### Information shown
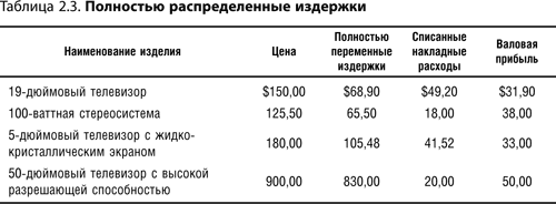 Пока это выглядит как обычный анализ того, сколько денег компания может заработать на производстве определенного набора продукции. Однако здесь можно найти больше, чем представляется на первый взгляд. Это наглядно демонстрирует еще один пример. Предположим, на сцене появляется финансовый директор, который проводит тщательную сквозную калькуляцию всех четырех изделий из предыдущего примера и определяет, что после того как все накладные расходы (overhead costs) надлежащим образом распределены, телевизор с высоким разрешением фактически имеет самую высокую норму прибыли, а 19-дюймовый телевизор – самую низкую. Относительное положение двух других изделий не меняется. Результаты сквозной калькуляции, проведенной финансовым директором, представлены в табл. 2.3.
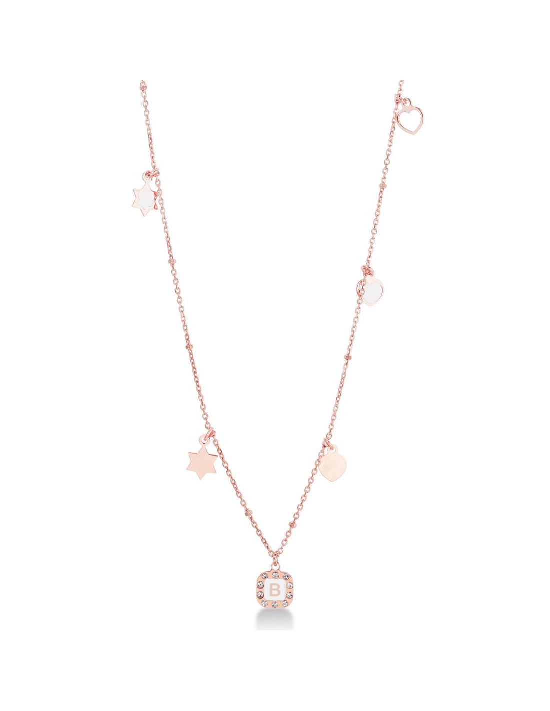 Girocollo lunghezza 45 cm colore rosa in bronzo placcato oro rosa 24kt con iniziale pendente su smalto bianco e charms cuori e stelle.
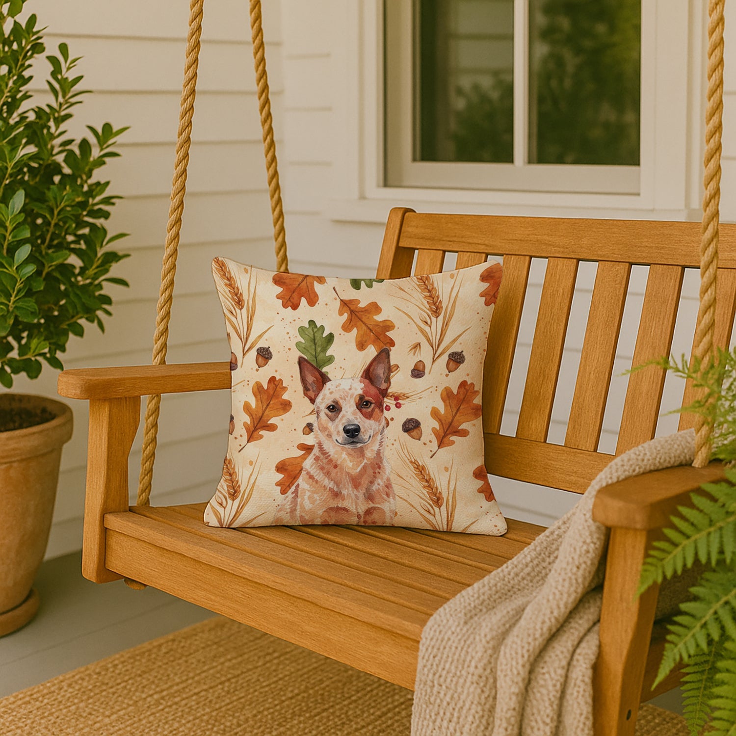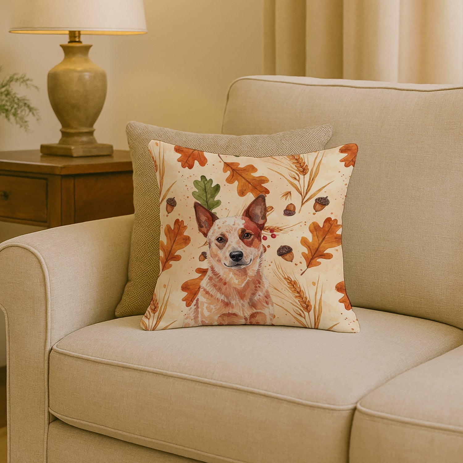 Throw Pillow featuring breed specific Australian Cattle Dog artwork. Celebrate Thanksgiving with this Thanksgiving Pillow. Revitalize your outdoor or indoor living space with Caroline's Treasures 18x18 Fabric Decorative Pillow. With a generously sized dimension of approximately 18 inches by 18 inches, this pillow makes a comfortable and aesthetic addition to any seating area. Made from a unique, water-resistant material developed by Caroline's Treasures, the pillow sham is 100% polyester fabric that's durable and ready to weather any condition. Its vibrant, full-color artwork will not fade over time as it is dyed with color-fast dyes. Whether you place it on your patio furniture, porch, veranda, or indoor couch, its soft canvas fabric ensures a cozy experience. The pillow is handcrafted in the United States, featuring a sham created from three pieces of fabric and a polyester insert for enduring shape and overstuffed comfort. Despite being robustly built to endure the outdoors, it is as soft and snug as your favorite indoor cushions. Please note, as all our pillows are handmade, sizes may vary slightly, adding to the charm of this unique decorative item.
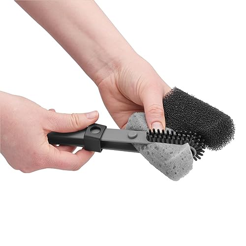 3 volte di pulizia per rimuovere facilmente lo sporco: morbidi gommini in plastica per bordi taglienti, spugna grossolana per rivestimenti, spugna fine per il lavaggio
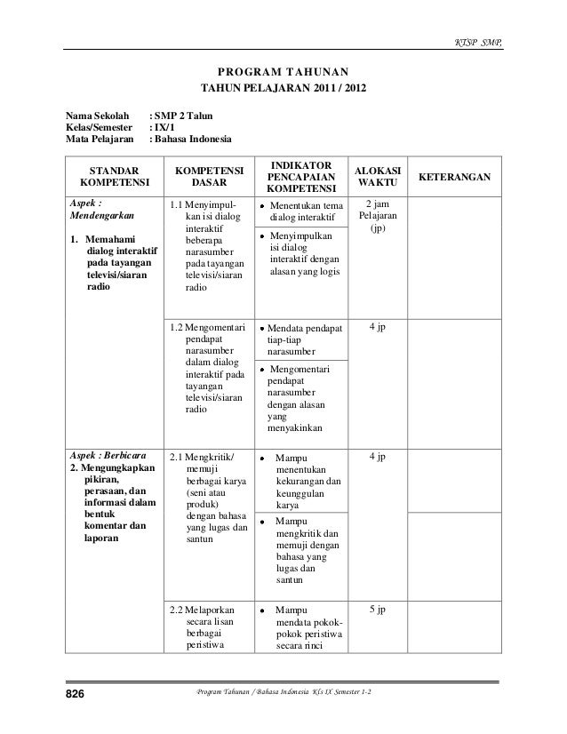 Contoh Prota Program Tahunan Mata Pelajaran Bahasa Indonesia Ppt Download
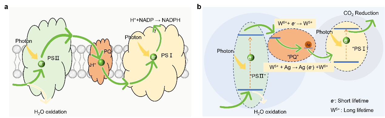 植物通过光合作用,巧妙地将结构简单的二氧化碳和水转化为复杂的养分分子,为人类借助化学手段实现温室气体二氧化碳的资源化利用提供了自然范例。然而,人工模拟光合作用的过程仍面临凯发k8挑战,其关键瓶颈在于:光激发功能材料所产生的电子(用于还原二氧化碳)与空穴(用于氧化水)寿命极短,难以实现二者反应的同步与持续进行。
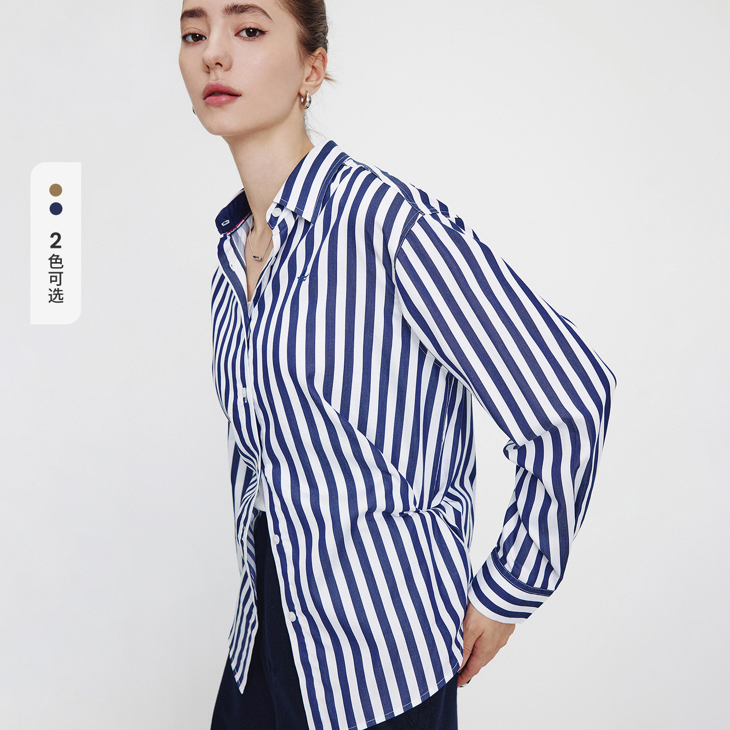 Navigare意大利小帆船蓝色条纹长袖衬衫女士2025秋季新款纯棉衬衣
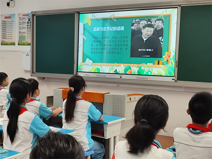 9月2日,全校各中队共同开展主题班队会,队员们聚精会神地观看视频内容。
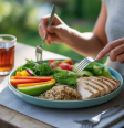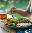 - 단백질(계란·두부·생선) + 섬유질(샐러드·통곡물)을 함께 먹기
######
**The problem**
Transcribe the entries above word for word, but leave every picture out of your copy.

**Output of the exercise**
 Пока это выглядит как обычный анализ того, сколько денег компания может заработать на производстве определенного набора продукции. Однако здесь можно найти больше, чем представляется на первый взгляд. Это наглядно демонстрирует еще один пример. Предположим, на сцене появляется финансовый директор, который проводит тщательную сквозную калькуляцию всех четырех изделий из предыдущего примера и определяет, что после того как все накладные расходы (overhead costs) надлежащим образом распределены, телевизор с высоким разрешением фактически имеет самую высокую норму прибыли, а 19-дюймовый телевизор – самую низкую. Относительное положение двух других изделий не меняется. Результаты сквозной калькуляции, проведенной финансовым директором, представлены в табл. 2.3.
 Girocollo lunghezza 45 cm colore rosa in bronzo placcato oro rosa 24kt con iniziale pendente su smalto bianco e charms cuori e stelle.
 Throw Pillow featuring breed specific Australian Cattle Dog artwork. Celebrate Thanksgiving with this Thanksgiving Pillow. Revitalize your outdoor or indoor living space with Caroline's Treasures 18x18 Fabric Decorative Pillow. With a generously sized dimension of approximately 18 inches by 18 inches, this pillow makes a comfortable and aesthetic addition to any seating area. Made from a unique, water-resistant material developed by Caroline's Treasures, the pillow sham is 100% polyester fabric that's durable and ready to weather any condition. Its vibrant, full-color artwork will not fade over time as it is dyed with color-fast dyes. Whether you place it on your patio furniture, porch, veranda, or indoor couch, its soft canvas fabric ensures a cozy experience. The pillow is handcrafted in the United States, featuring a sham created from three pieces of fabric and a polyester insert for enduring shape and overstuffed comfort. Despite being robustly built to endure the outdoors, it is as soft and snug as your favorite indoor cushions. Please note, as all our pillows are handmade, sizes may vary slightly, adding to the charm of this unique decorative item.
 3 volte di pulizia per rimuovere facilmente lo sporco: morbidi gommini in plastica per bordi taglienti, spugna grossolana per rivestimenti, spugna fine per il lavaggio
 Contoh Prota Program Tahunan Mata Pelajaran Bahasa Indonesia Ppt Download
 植物通过光合作用,巧妙地将结构简单的二氧化碳和水转化为复杂的养分分子,为人类借助化学手段实现温室气体二氧化碳的资源化利用提供了自然范例。然而,人工模拟光合作用的过程仍面临凯发k8挑战,其关键瓶颈在于:光激发功能材料所产生的电子(用于还原二氧化碳)与空穴(用于氧化水)寿命极短,难以实现二者反应的同步与持续进行。
 Navigare意大利小帆船蓝色条纹长袖衬衫女士2025秋季新款纯棉衬衣
 9月2日,全校各中队共同开展主题班队会,队员们聚精会神地观看视频内容。
 - 단백질(계란·두부·생선) + 섬유질(샐러드·통곡물)을 함께 먹기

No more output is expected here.